With the strong backing of the nation’s home builders, several Republican members of the House Ways and Means Committee are taking steps to kill a presidential panel’s tax reform proposal that would eliminate or sharply curtail the mortgage-interest deduction and do away with state and local taxes.
“We stand shoulder-to-shoulder with the members of the tax-writing Ways and Means Committee who support these important housing tax provisions,” said Jerry Howard, executive vice president and CEO of the National Association of Home Builders.
“As the Administration finalizes its tax simplification plan, we will continue to work with members of Congress to convince the White House to reject proposals that would harm homeowners, the housing sector and the economy,” he added.
Eight members of the Ways and Means Committee recently sent a letter to Treasury Secretary John Snow urging the Administration to “preserve some important incentives for homeownership investment that clearly work.”
“While many investment opportunities exist today,” the letter states, “perhaps none provides more in return for individuals, families and communities than homeownership. That is why we urge you to preserve the deductions for mortgage and home equity interest, and state and local taxes, which underpin home ownership and the social and economic benefits it generates.”
The White House and Treasury Department have yet to comment on the proposal, which was presented Nov. 1 by the President’s Advisory Panel on Federal Tax Reform as part of an overall attempt to revamp the tax code. The plan calls for replacing the popular mortgage-interest deduction with a far more limited 15 percent tax credit. Also gone would be deductions for state and local taxes (including property taxes) and interest deductions for home equity loans and second homes.

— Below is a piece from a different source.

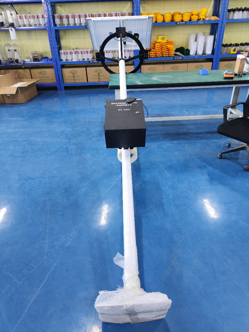 20、設備安裝完成(注:電池線從燈桿底部穿入控制箱;葉面溫濕度傳感器線從控制箱底部穿入控制箱,傳感器固定于樹枝枝干上)

It would also eliminate the Low Income Housing Tax Credit, which accounts for the construction of more than 130,000 affordable rental-housing units annually.
Commenting on the plan during a Nov. 10 joint media news teleconference with NAHB leadership, Rep. Jerry Weller, R-Ill., a member of the Ways and Means Committee, reported a widespread “sense of alarm” from his constituents over proposals to scale back or eliminate the mortgage interest deduction and eliminate state and local taxes.
Declaring that these proposals would be “dead on arrival” if presented to his committee, Weller said that a typical middle-class homeowner in his state would see a tax hike of $2,000-$2,500 if the advisory panel’s tax plan went into effect.
Homeowners in his state would also face the danger of seeing a reduction in the value of their property, and that would have negative implications for the health of the nation’s economy, the congressman indicated.
During the phone conference with the news media, NAHB released results from a national survey by Public Opinion Strategies that found wide-ranging public disapproval of efforts to tamper with the mortgage-interest deduction and other important housing tax incentives promoting home ownership.
Also released were detailed scenarios outlining how typical home-owning families in Chicago, San Jose, Calif., and Binghamton, N.Y., would face tax hikes under the proposal.
Survey results and examples showing how homeowners would fare under the tax plan are available online at NAHB’s Web site.
In addition to Rep. Weller, other Ways and Means Committee members who signed the letter to Treasury Secretary Snow opposing removal of the housing tax incentives were: Reps. Kevin Brady, R-Texas; Eric Cantor, R-Va.; Mark Foley, R-Fla.; Wally Herger, R-Calif.; Nancy Johnson, R-Conn.; Ron Lewis, R-Ky.; and Clay Shaw, R-Fla.
The National Association of Home Builders is a Washington-based trade association with more than 220,000 members.